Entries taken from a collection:
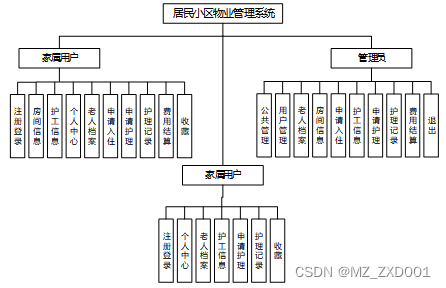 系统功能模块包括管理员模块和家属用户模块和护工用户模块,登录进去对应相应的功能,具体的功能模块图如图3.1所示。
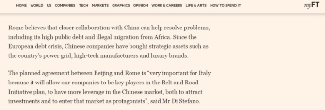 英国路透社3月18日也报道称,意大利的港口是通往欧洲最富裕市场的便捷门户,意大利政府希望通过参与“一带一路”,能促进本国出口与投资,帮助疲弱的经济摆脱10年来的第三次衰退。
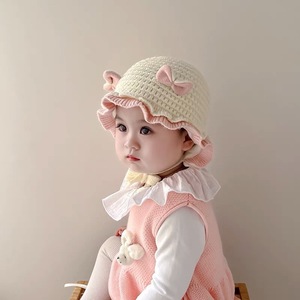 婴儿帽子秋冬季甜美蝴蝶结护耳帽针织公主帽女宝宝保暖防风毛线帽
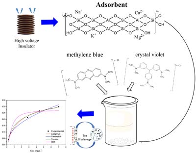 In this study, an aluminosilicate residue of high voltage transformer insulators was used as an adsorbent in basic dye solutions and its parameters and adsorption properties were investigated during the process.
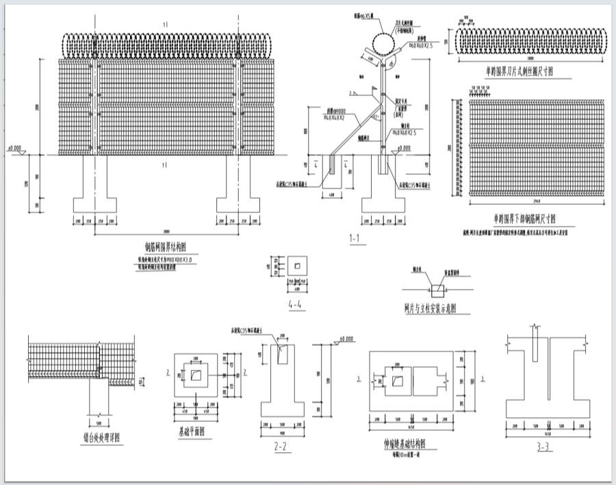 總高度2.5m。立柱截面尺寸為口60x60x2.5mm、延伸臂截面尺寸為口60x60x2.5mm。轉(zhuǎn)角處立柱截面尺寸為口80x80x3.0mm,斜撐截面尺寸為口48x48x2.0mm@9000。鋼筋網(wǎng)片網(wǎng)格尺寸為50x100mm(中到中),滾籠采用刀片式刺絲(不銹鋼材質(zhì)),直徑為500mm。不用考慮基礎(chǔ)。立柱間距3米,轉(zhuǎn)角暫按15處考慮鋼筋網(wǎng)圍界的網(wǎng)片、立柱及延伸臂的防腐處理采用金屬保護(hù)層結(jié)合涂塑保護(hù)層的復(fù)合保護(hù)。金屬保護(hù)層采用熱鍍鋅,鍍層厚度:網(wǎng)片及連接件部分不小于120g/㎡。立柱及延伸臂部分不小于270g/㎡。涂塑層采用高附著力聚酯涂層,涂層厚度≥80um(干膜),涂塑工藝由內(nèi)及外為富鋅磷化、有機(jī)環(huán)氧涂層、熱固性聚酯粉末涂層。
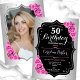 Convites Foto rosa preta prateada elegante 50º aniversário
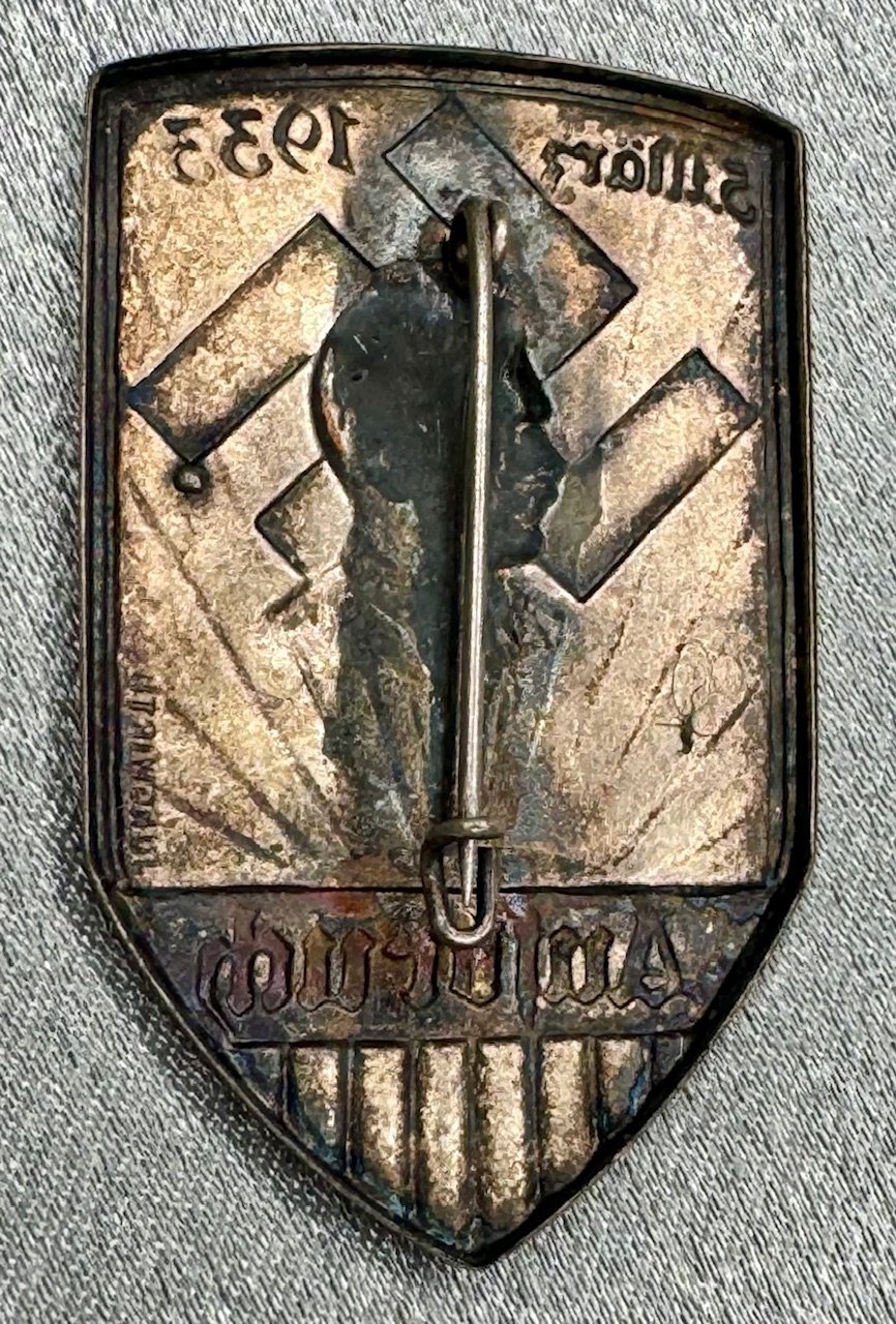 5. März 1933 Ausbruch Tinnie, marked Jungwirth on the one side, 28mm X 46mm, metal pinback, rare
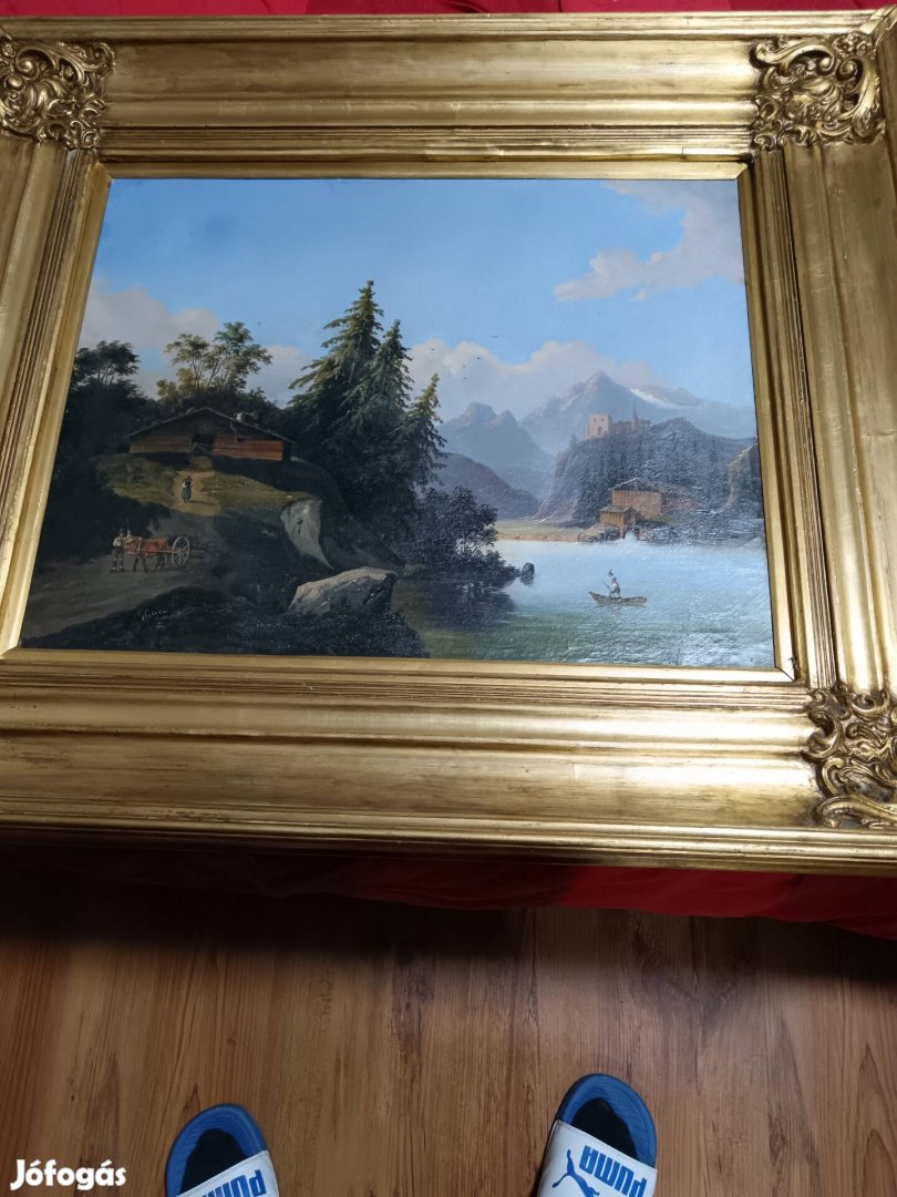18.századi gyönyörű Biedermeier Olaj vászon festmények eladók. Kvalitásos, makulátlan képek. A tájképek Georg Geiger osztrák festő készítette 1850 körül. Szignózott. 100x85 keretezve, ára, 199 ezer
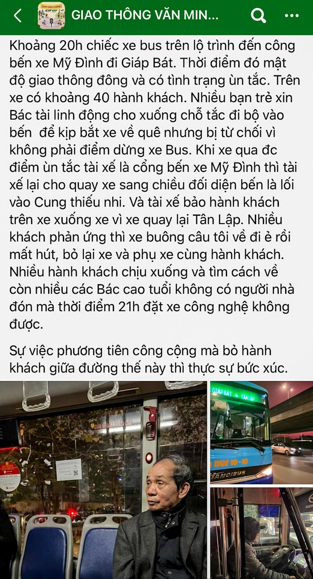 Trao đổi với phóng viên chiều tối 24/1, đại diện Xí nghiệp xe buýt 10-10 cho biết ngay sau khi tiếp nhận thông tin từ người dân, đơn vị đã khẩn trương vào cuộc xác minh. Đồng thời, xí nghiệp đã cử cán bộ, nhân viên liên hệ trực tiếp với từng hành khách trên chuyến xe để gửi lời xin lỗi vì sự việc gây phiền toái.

Task requirements.
The records are to be retyped in full and exactly, with no image carried over.

Result of the task.
 系统功能模块包括管理员模块和家属用户模块和护工用户模块,登录进去对应相应的功能,具体的功能模块图如图3.1所示。
 英国路透社3月18日也报道称,意大利的港口是通往欧洲最富裕市场的便捷门户,意大利政府希望通过参与“一带一路”,能促进本国出口与投资,帮助疲弱的经济摆脱10年来的第三次衰退。
 婴儿帽子秋冬季甜美蝴蝶结护耳帽针织公主帽女宝宝保暖防风毛线帽
 In this study, an aluminosilicate residue of high voltage transformer insulators was used as an adsorbent in basic dye solutions and its parameters and adsorption properties were investigated during the process.
 總高度2.5m。立柱截面尺寸為口60x60x2.5mm、延伸臂截面尺寸為口60x60x2.5mm。轉(zhuǎn)角處立柱截面尺寸為口80x80x3.0mm,斜撐截面尺寸為口48x48x2.0mm@9000。鋼筋網(wǎng)片網(wǎng)格尺寸為50x100mm(中到中),滾籠采用刀片式刺絲(不銹鋼材質(zhì)),直徑為500mm。不用考慮基礎(chǔ)。立柱間距3米,轉(zhuǎn)角暫按15處考慮鋼筋網(wǎng)圍界的網(wǎng)片、立柱及延伸臂的防腐處理采用金屬保護(hù)層結(jié)合涂塑保護(hù)層的復(fù)合保護(hù)。金屬保護(hù)層采用熱鍍鋅,鍍層厚度:網(wǎng)片及連接件部分不小于120g/㎡。立柱及延伸臂部分不小于270g/㎡。涂塑層采用高附著力聚酯涂層,涂層厚度≥80um(干膜),涂塑工藝由內(nèi)及外為富鋅磷化、有機(jī)環(huán)氧涂層、熱固性聚酯粉末涂層。
 Convites Foto rosa preta prateada elegante 50º aniversário
 5. März 1933 Ausbruch Tinnie, marked Jungwirth on the one side, 28mm X 46mm, metal pinback, rare
18.századi gyönyörű Biedermeier Olaj vászon festmények eladók. Kvalitásos, makulátlan képek. A tájképek Georg Geiger osztrák festő készítette 1850 körül. Szignózott. 100x85 keretezve, ára, 199 ezer
 Trao đổi với phóng viên chiều tối 24/1, đại diện Xí nghiệp xe buýt 10-10 cho biết ngay sau khi tiếp nhận thông tin từ người dân, đơn vị đã khẩn trương vào cuộc xác minh. Đồng thời, xí nghiệp đã cử cán bộ, nhân viên liên hệ trực tiếp với từng hành khách trên chuyến xe để gửi lời xin lỗi vì sự việc gây phiền toái.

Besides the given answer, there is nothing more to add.